Roasted potato and garlic bread


Finally, my everyday pain au levain from "Bread", the pain au levain with whole-wheat flour:

Pain au levain with whole-wheat flour


PS: If you're a literature buff (like me), keep an eye out for Sofi Oksanen, a young Finnish writer who's making waves in literature circles here in Scandinavia. Two of her three novels are translated into my mother tongue, and her third novel "Purge", is soon published in English ( link). Estonia, torn between Finland (West) and the Soviet union (East), is central to her work, and the tension between the two blocks has devastating effects on her characters. "Purge" is nominated for this year's Nordic Council's literature prize, arguably the most prestigious award for literature written in the Nordic languages, and I wouldn't be surprised if she wins.

hansjoakim's picture

I'm still patiently working my way through the Schrotbrot, but with a bubbly and ripe rye sourdough on the counter, I decided to try out a new formula. I love my everyday pain au levains, and I wanted to see how it would work out with a rye sourdough and an increased amount of rye flour. This loaf is 30% whole-rye flour, 70% bread flour and is made with a whole-rye sourdough. You'll find a snapshot from my spreadsheet detailing the formula by clicking here!

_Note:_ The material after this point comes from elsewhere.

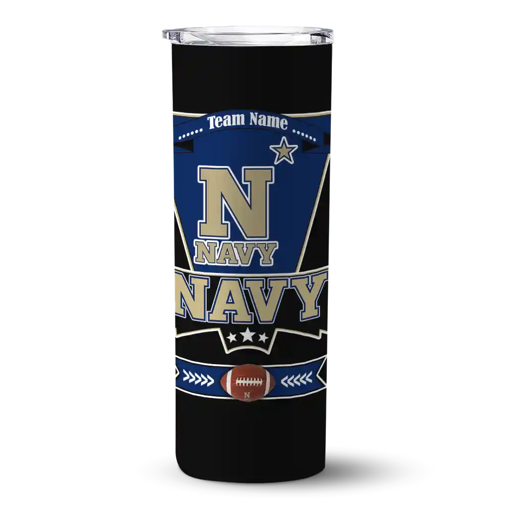 The Custom Navy Midshipmen Helmet Belt Blue Black Skinny Tumbler tumbler is the perfect way to stay refreshed while showing off your pride for Navy Midshipmen. With its double-wall insulation, your drinks stay at the right temperature for hours, whether you're enjoying a hot coffee or keeping your iced drink cold. What's inside? You’ll find 1 stainless steel tumbler, 1 clear lid, and 1 removable straw. It's the perfect blend of function and fan spirit! Ergonomically designed for comfort, made from durable stainless steel, and insulated to maintain your drink’s temperature, this tumbler is a must-have for any dedicated NCAA fan.

With a modest 30% rye, the overall dough behaves very similar to any other pain au levain dough, but slightly stickier. You notice that it's not quite as strong when you tug at it, and the cuts tend to tear easier and be less well-defined than in straight wheat breads. Still, I think it turned out well! Although it looks pretty much like your everday pain au levain, there's a distinctive rye character to the bread - you'll sense that both by the smell of the baking loaf and most definitely in the flavour of the finished bread. I'd say it brings about a surprising lightness to the crumb, even though it still wholesome and filling. A most agreeable accompaniment to many cheeses.

30% rye


This week's dessert is a delicious chocolate mousse cake with bananas: A rum-flavoured chocolate mousse on top of some ripe bananas, sandwiched between two thin layers of a cocoa-almond sponge. Very tasty!

Chocolate mousse cake with banana


hansjoakim's picture

It's the time of the year where blistering cold winds sweep the city and the surrounding mountainside. Rest assured, no matter how many layers you put on, the cold will penetrate them and get to you eventually. I'm certain that the freezing temperatures are partly to blame for me baking a dense Schrotbrot this week... I had a careful look over my kitchen shelves, pencil in hand, and jotted down potential ingredients for a solid log. I had a vague idea of what I wanted, but this turned out quite good I think.

This week's Schrotbrot:


I've snapped a screenshot of the spreadsheet I used to make up the formula; you'll find that at the bottom of the post!

The base formula is pretty simple, and you can put any kinds of grains and seeds in it - flavour it either way you like. I love toasted sunflower seeds in these rye breads, as they give a nutty chew that goes well with soaked rye berries. I used a tad malt syrup to bring out a subtle sweetness in the final loaf. It's not very pronounced, but rather lingers somewhere in the background. I bet either honey or another syrup would work equally well. You might want to alter the overall hydration if you exchange other seeds in the soaker(s), but keep in mind that you want to keep the final dough very wet. Wet your hands with water, give the dough a rough cylindrical shape, and carefully place in a tin. The recipe below is scaled to fill a 1 liter tin approx. 2/3 way up. After about 1 hour final proof, the dough should have risen noticeably, and the top should start to look a bit fragile.

Let cool at least 24 hours. Slice as thin as possible and enjoy at 5 AM with a cheese platter and a glass of cold milk. Then go run the New York marathon.